Alternative Approaches to the Development of Warehousing Box 14 shows five alternative approaches to warehouse operation. Alternatives 1 and 2 may be pursued simultaneously. Banks and insurance companies are significant shareholders of Government-owned warehousing companies, and their support to the two alternatives was expressed in the meetings. Moreover, banks are already equipping themselves to implement Alternative 2, by ‘adopting’ warehouses so as to empower them to act as credit delivery channels. Banks would exercise due diligence while adopting such warehousing companies and sites. Alternative 2 may also be implemented by commodity exchanges, such as the cotton and coffee exchanges, acting on behalf of their members. Alternative 3 is more closely related to the extant structure Governing trade relationships than the first two. To fully develop the system, it is vital to formalise these warehousing services, but the approach should be cautious in view of potential conflicts of interests between trading and service functions. Alternative 4 is an approach which warehouse operators use to facilitate lending against stocks held in borrowers' premises. BOX 14: ALTERNATIVE APPROACHES TO IMPLEMENTATION Coulter and Shepherd (1995) listed several alternative approaches to implementation:
1. Centralised warehouse or silo managed by a specialised warehouse operator; the operator does not trade in the items stored, but simply holds the stock as security for bank lending. 2. Centralised warehouses or silos operated by a specialised warehouse operator; the operator also acts as a channel for bank lending to a number of individual borrowers. 3. Centralised warehouses managed by a storekeeper, who is also a trader. 4. Warehouses operated by individual borrowers, under the supervision of a surveillance company (alternatively the surveillance company/warehouse operator may take full control of the borrower's store, sometimes known as "field warehousing"). 5. Warehouses operated jointly by the borrower(s) and a bank under a dual key arrangement. It is with a view to implementing alternative 3 that we suggest legislating for a new category of company, the Agricultural Trading Company (ATC). This is a vehicle by which a rural trader or commission agent might expand to become an agricultural merchant of the kind described in Chapter 2. Along with other categories of businesses ATCs would be authorised to issue warehouse receipts, subject to licensing and regular inspection, and compliance with grading requirements. Where this company would differ from other local traders is that it would be free to set up business in any part of the country outside of the mandi structure. In return it will be publicly accountable as to the ethical nature of dealings with farmers. It will have to collect normal levies on behalf of the State Agriculture Produce Marketing Committees, and accept deposits of grain on a non-discriminatory first-come-first-served basis (similar to the elevator companies in the US and Canada). Such companies should be allowed to trade in their own right, but given the potential for conflict of interest between trading and service activities, will need to be strictly regulated according to a standard code. Action Plan Box 15 shows the main components of the action plan, and an indicative timetable.

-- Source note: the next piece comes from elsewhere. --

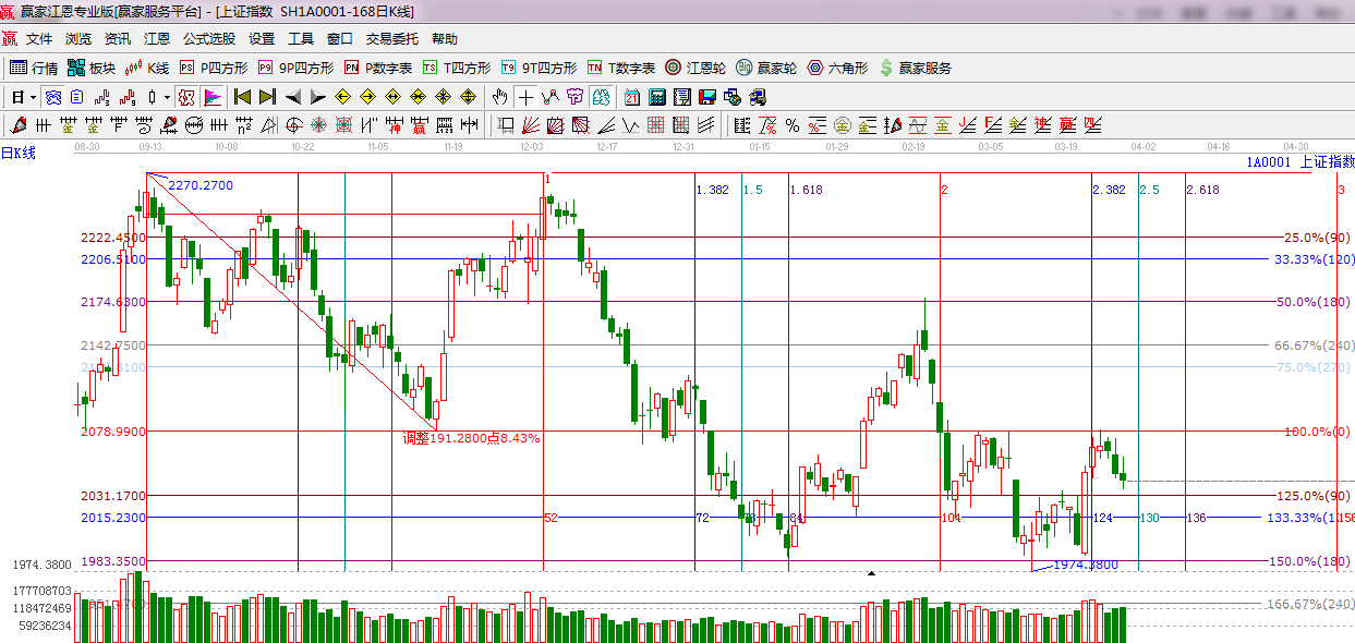 ☆依據贏家江恩系統極反通道提示:大盤收盤破位生命線,量能較昨日略有放大,依據規則,倉位降至3-5成,謹慎為主。

This list is not strictly chronological, and several components must be carried out simultaneously. Important linkages are as shown in Figure 1. Various components are discussed in more detail in the following sub-sections. FIGURE 1: SCHEMATIC OUTLINE OF ACTION PLAN
Component 1: Promulgation of Strategy Government should present its strategy to the public to show broadly how it intends to proceed, while leaving the Task Force to work out details, in full consultation with the relevant stakeholders. Component 2: Institute the Task Force (TF) This should include suitably experienced individuals from the trade and banking sectors, unambiguously committed to the development of a strong warehousing industry. Specialists in finance and crop storage, and researchers in agricultural marketing systems oriented towards practice might also be involved. Sub-groups should be formed to work on specific commodities. A small-staffed secretariat should be formed with a view to developing momentum.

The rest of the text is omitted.